Recalling how UPC fighters gunned down civilians on 11 December, a witness whose identify is withheld for security reasons, 41, said: "A UN helicopter circled the town for some time so we knew things were not normal. When the helicopter left, the Peuhl [UPC fighters] attacked. The town was encircled. I took my children and ran, but they were shooting at anything that moved."

In the town of Bakala, UPC fighters allegedly executed seven men who were returning from a nearby gold mine on 12 December.

"I was hiding in a house and I saw the Peuhl [UPC has close links to the minority ethnic Peuhl and armed Peuhl often fight with the group] gather the men in front of a neighbour's house and take them inside," a 55-year-old resident from Bakala, said speaking under anonymity.

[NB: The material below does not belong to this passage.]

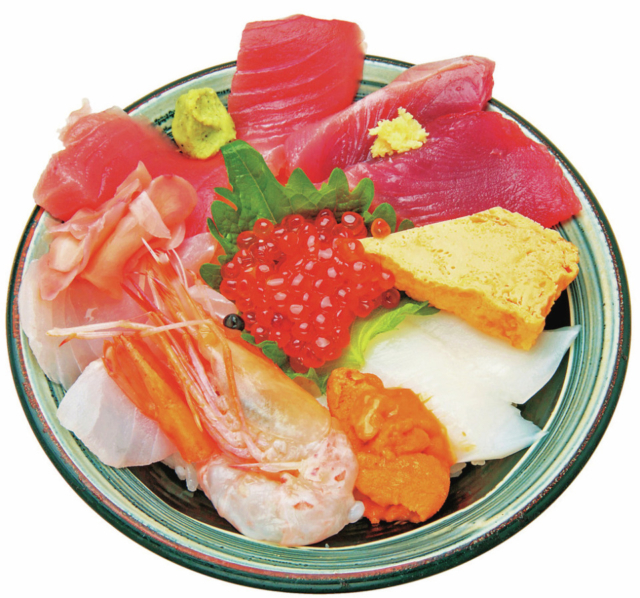 茨城県ひたちなか市の那珂湊おさかな市場の名産品の海鮮丼は、漁港から直送される鮮魚をふんだんに盛り付けた豪快な一品です。

"A short time later I heard screams from the men. They were yelling, 'Why are you killings us?' and 'I'm dying!' I also heard shots. This was all at 5am. A short while later the Peuhl found me and made me help throw the bodies in a well."

HRW inspected the well and "noted a putrid smell that might have come from decaying bodies".

The next day, UPC fighters calling local residents to a school for an alleged meeting, before seizing the men and reportedly gunned them down 24 men and at least one boy, whom they accused of supporting the anti-balaka. A local official confirmed the death toll.

"These executions are brazen war crimes by UPC fighters who feel free to kill at will," Lewis Mudge, Africa researcher at HRW, said. "The group is carrying out its killing sprees with no fear of punishment despite the presence of UN peacekeepers."

HRW warned the total number of victims is "most likely higher" because dozens of other people are unaccounted for, according to family members. At least 29 other civilians were killed infighting around Bakala since late November, displacing between 9,000 and 10,000 people.

Under the command of General Ali Darassa Mahamant, the UPC denied fighters executed civilians or prisoners.